John reflected on his old age and his own long life. At that time, he was 93 years old, and he said, “Here I am. No relation to her. I don’t know why I’m still alive. My brothers both died before me; one of them (Leslie) passed away around 80 years old. And the other one, Brian, passed away as well. I never did hear how he died. Why I’m left, I have no idea. But I did have an uncle on my mother’s side, my uncle Henry. He lived to 92, though he was a very, very heavy smoker. Yeah, and he lived in Ireland until he was something like 80-something. He was on his own in Ireland, and his children brought their dad out to California, and I went to visit them there. I drove down there so many years ago when I was driving. I had cousins on my mother’s side, and they went over to England to live because there were teachers in Ireland, and most of the teachers in Ireland in my young days, the schools were getting closed down because people were leaving Ireland to go to England to work. There was no work in Ireland, or very little at that time, so all my cousins and relatives were going to Australia or someplace else; they weren’t staying in Ireland, there was no work there. Anyway, finally, those who stayed, I don’t know what kind of jobs they were at. Some of them were farmers, and of course, farming, they got a subsidy from the government. But anyway, cutting a long story short, Ireland is still there. People are still going there to immigrate and have a good time.” 

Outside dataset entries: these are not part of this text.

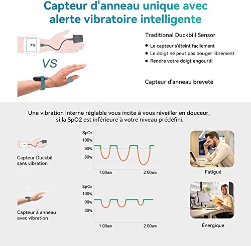 ✅ Facile da Indossare: il ossimetro SleepU è leggero, il sensore ad anello in silicone confortevole è morbido e non scivola facilmente, il tuo dito non si intorpidirà indossandolo per tutta la notte.
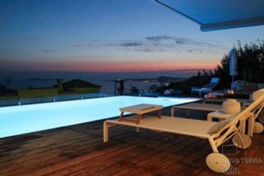 AGIA MARINA, House, 500 sq.m, on a plot of 700 sq.m, year built 2004, 5 rooms, Ground Floor, 1st, 2nd, 3rd, View: Seaview, Unobstracted view, Unobstracted view, Various Characteristics: Balcony, Bath (4), Escalator, Fire Place (2), Furnished, Garden, Playroom, Store Room, Swimming Pool, Toilet, Master Bedrooms: 3 Master Bedrooms, Flooring: Wooden floor, Heating: Air Conditioning, Autonomous Heating, , Boiler, Computer Terminal Ready, Detached, From Side to Side, Luxury, Maid Room (2), Satellite TV, Seaside, Security Alarm, Security Door, Parking area: Garage (6), property ID: 33797, www.nova-terra.gr
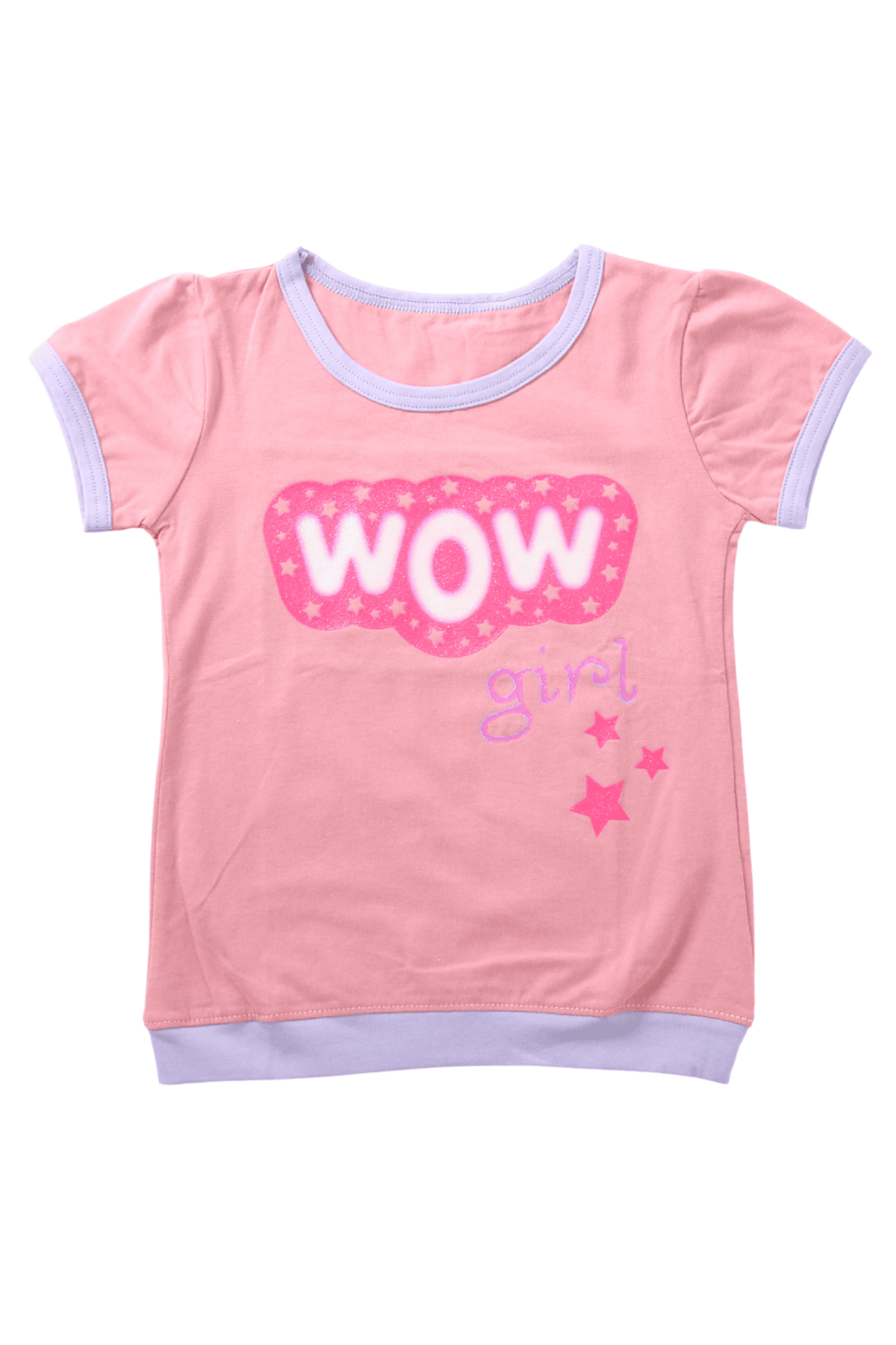 Dizajn: Kombinacija roze i lila boje, sa natpisom "WOW girl" i zvezdicama, daje ovoj majici moderan i veseo izgled. Kontrastni lila porubi na rukavima i donjem delu dodatno naglašavaju jedinstven dizajn.

John’s retirement and his second marriage: In the mid-1980s, when his step-mother, Mary Jennings, entered Kennedy Lodge nursing home, John met a nurse named Conchita Ladion, who was employed as a member of staff there. Their companionship blossomed into his second marriage after John retired from the Toronto Transit Commission, and together they settled in a retirement community in New Hamburg, Ontario. The two lived and travelled together for decades before she passed away in 2021, shortly after the two moved to a retirement home in Stratford. 

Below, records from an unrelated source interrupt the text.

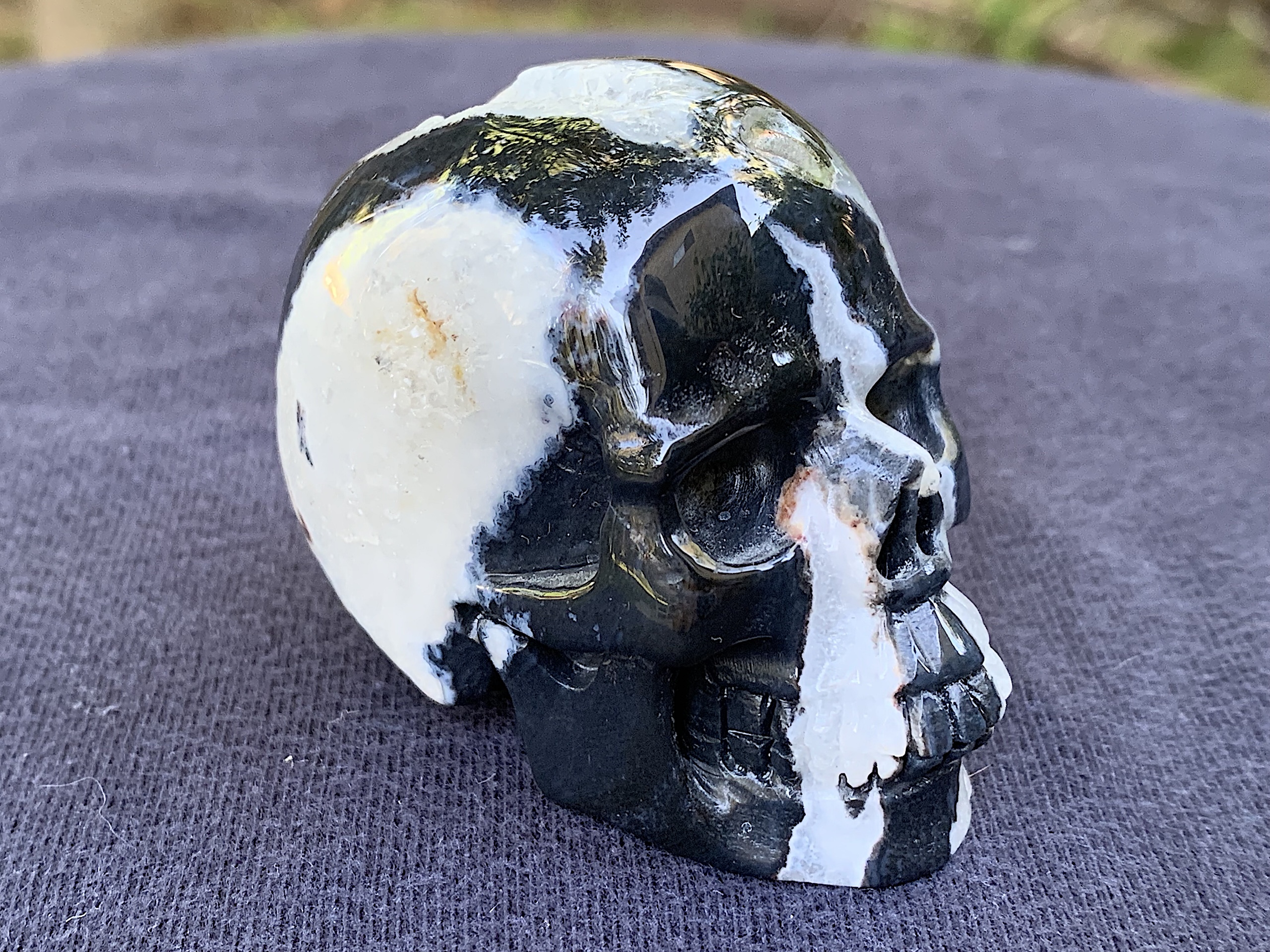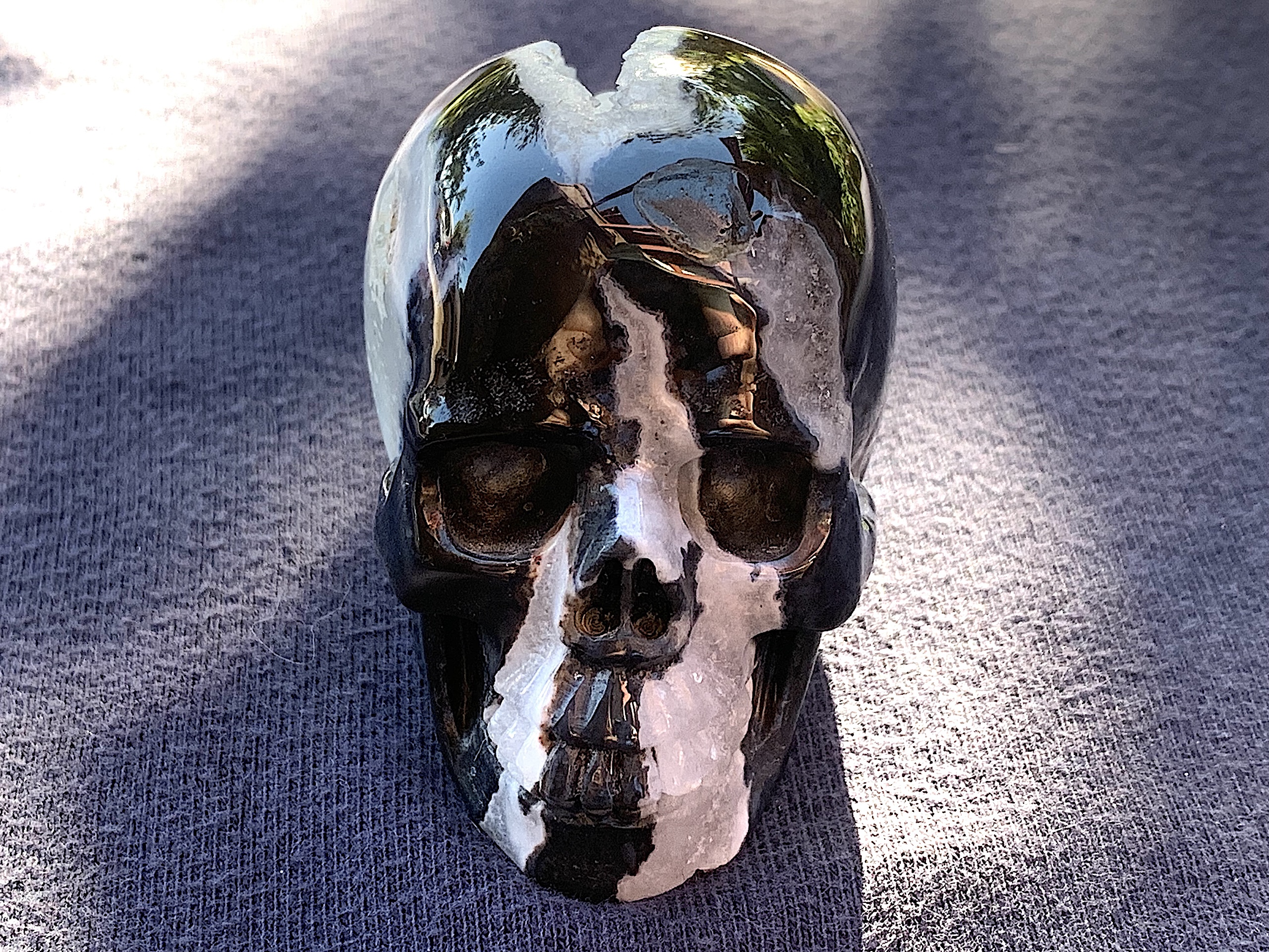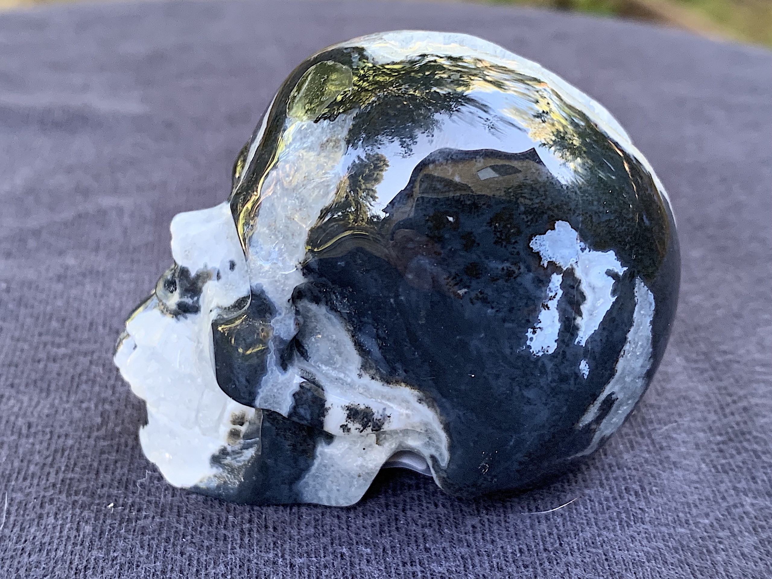 This Zebra Agate Geode Crystal Skull is so adorable. If you love Zebra Agate, this one will not disappoint. The geode on top of the head is very whimsical.
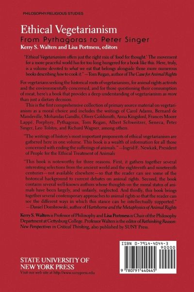 For vegetarians seeking the historical roots of vegetarianism, for animal rights activists and the environmentally concerned, and for those questioning their consumption of meat, here's a book that provides a deep understanding of vegetarianism as more than just a dietary decision. This is the first comprehensive collection of primary source material on vegetarianism as a moral choice and includes the writings of Carol Adams, Bernard de Mandeville, Mohandas Gandhi, Oliver Goldsmith, Anna Kingsford, Frances Moore Lappé, Porphyry, Pythagoras, Tom Regan, Albert Schweitzer, Seneca, Peter Singer, Leo Tolstoy, and Richard Wagner, among others.
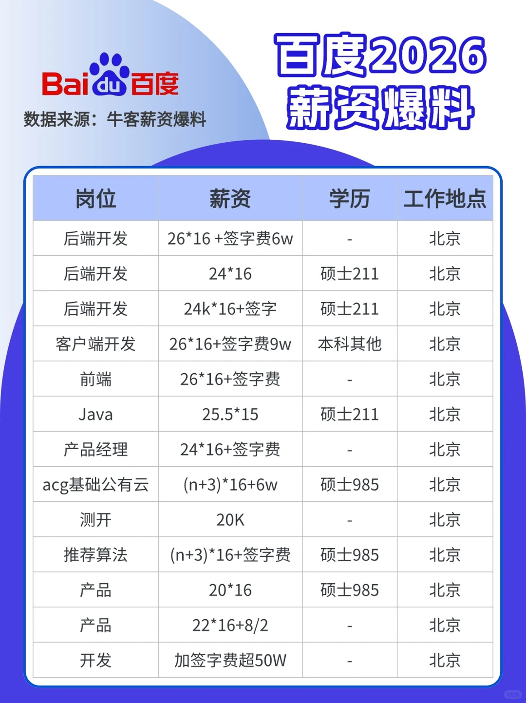 来看一眼百度研发岗位的薪资吧。
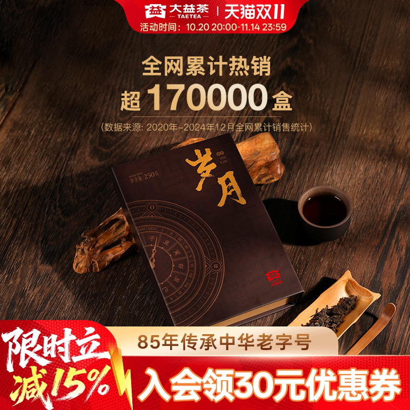 大益普洱茶 岁月普洱熟茶250g砖茶礼盒 云南勐海正品 官方旗舰店

Reflecting on that move, John said in the 2023 video, “I worked here in Canada for over, I guess, 40 years or 50 years.. Because I came here when I was only 21 or 22 years old. That was 70 years ago. And I’m still here. I don’t know what I’m doing here now. I’m in a retirement home—a rest home, for a change. People look after me. I used to be looking after people for all those years.”

Devoted To His Family

For John, family was never an afterthought. Even in his final years, with every visit and on every phone call, he would always mention each family member by name and was always wishing them well right up until the last call, where he spoke to David in the final week before his passing.

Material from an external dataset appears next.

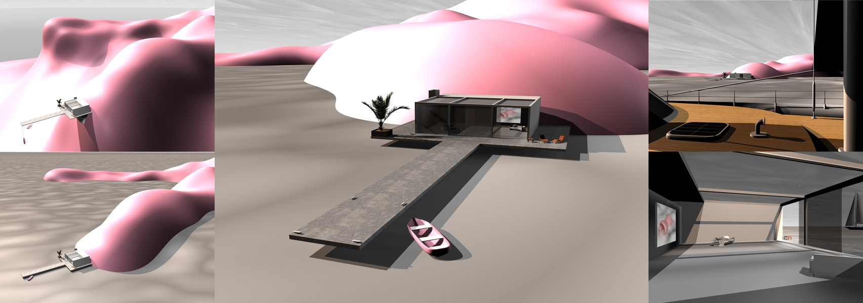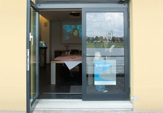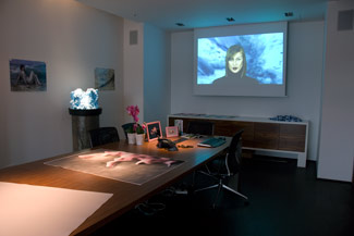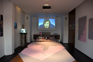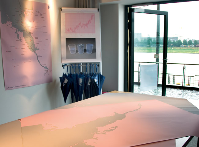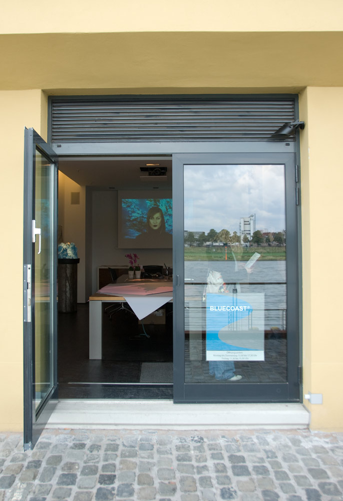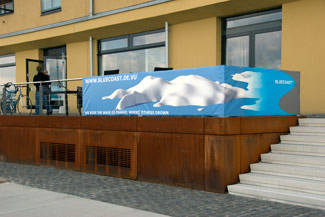 Oliver Kunkel’s imaginary company BLUECOAST intimates an idyllic landscape. According to expert calculations, we can expect a rise of the sea level of 70 meters due of the melting of both the polar caps and Greenland’s ice. The frightening results will be the flooding of large regions and the disappearance of whole countries, such as the Netherlands and Bangladesh (already by a sea-level increase of a seemingly insignificant 10 meters), or the Gaza Strip, one of the most densely populated regions on Earth. Dramatically large parts of Germany would disappear underwater with a 70-meter sea-level increase. All cities adjunctive to the Rhine would drown. The whole area on the river’s left bank would turn into a bay into which it would empty, near Koblenz. Except for some little islands, Berlin would be extinct. The metropolis of Hamburg would be hit first: Already at a sea-level increase of 15 meters it would be completely flooded. No one can say for sure when this will happen and what causes polar ice to melt: Is it us or is it the natural cycle of the recurrent ice age? But this is not really important for the point of Oliver Kunkel´s project. This work – like most of his works – does not want to educate; rather, it wants to analyze and offer metaphors that can be applied to other parts of life. Kunkel is more overarchingly interested in psychological issues than in specifically staged or imitative scenarios. For newtalents 2008, Oliver Kunkel was able to install the BLUECOAST OFFICE temporarily within the space of Pandion, a company that specializes in real estate project development. With this, the host company has displayed not only courage and self-confidence, but also significant open-mindedness. Without doubt Kunkel’s project is both provocative and polarizing. His sarcasm is not to be outdone; he offers real estate to solvent clients who want to take fiscal advantage of a looming global catastrophe. But his project is not that of a finger-waver warning us of global climate change. These kinds of appeals have indeed lost their effect on public perception. In July 2008, for example, major print media mentioned as an aside that the North Pole could be without ice for the first time ever this summer. Kunkel´s sarcasm is therefore much more drastic – but also humorous. In a comfortable office ambience he offers the opportunity of acquiring the fictitious real estate. The interested visitor is first fascinated, maybe laughs about the boat in one of the images that hangs over a dock, waiting for the coming water. But then this realisation turns nightmarish. The combination of climate catastrophe and the global sell-off is exhilarating in an absurd kind of way. Oliver Kunkel understands brilliantly how to visualize his ideas, and to offer the viewer an extremely complex experience. |
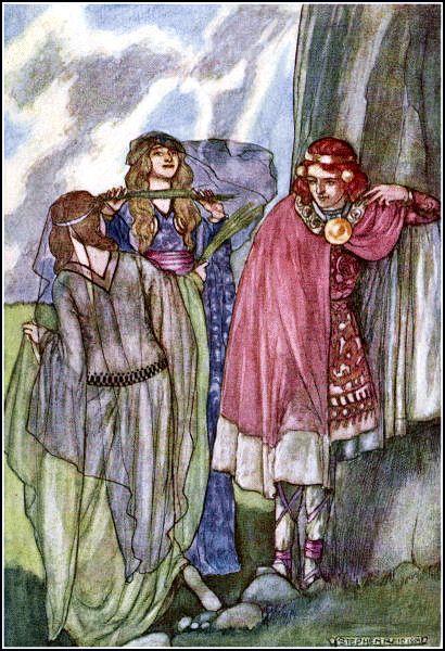 Потому что не птицы то вовсе были, а две морские фейри, сестры Фанд и Ли Бан. А фейри, знаете ли, народ крайне обидчивый. Да и кому понравится, если в него камнями швырять? Спустились сердитые леди с неба, приняли свой истинный облик, изловили обидчика и жестоко избили плетьми. С постели наш герой встал после этого только год спустя, да и то потому, что одна из сестер сжалилась и исцелила его.

He is survived by his son, David, and daughter-in-law, Tracy Lamourie; grandson, Cassidy Lamourie-Parkinson; granddaughter, Haily Butler-Henderson; and great-grandson, Dewey Jordan Lazore. He outlived his two brothers: Leslie, who served as the Rector of Fontmell Magna and Ashmore Church from 1974 to 1981 in Dorset, England, and his younger brother Brian, who was a devout Jehovah’s Witness in Dublin

His father’s influence. – Today, John’s son, David Parkinson, is a public figure in his own right. As co-founder of Lamourie Media, he has been accredited by the Cannes Film Festival and worked internationally in media and production. He has also been a radio and television host, actor, voice-over artist, and musician, as well as being outspoken against injustice and an advocate on social issues. His justice work is particularly well-known. In the 1990s, David and his wife, Tracy Lamourie, co-founded the Canadian Coalition Against the Death Penalty and were instrumental in the international campaign that freed Philadelphia R&B singer Jimmy Dennis after 25 years of wrongful incarceration, and were instrumental in precedent-setting human rights-related legal cases in both Canada and the US. 

As his family and friends reflect on John Brunner Parkinson’s 95-year legacy, they remember not just a father, grandfather, and great-grandfather, but a man whose moral compass never wavered

In an era often where personalities are defined by noise, ego or eccentricity, he will be remembered for his calm demeanour, his kindness, one man’s gentle and enduring example.

It is said, “no one dies til the last one on earth ceases to speak his name.” 

John Brunner Parkinson will never be forgotten.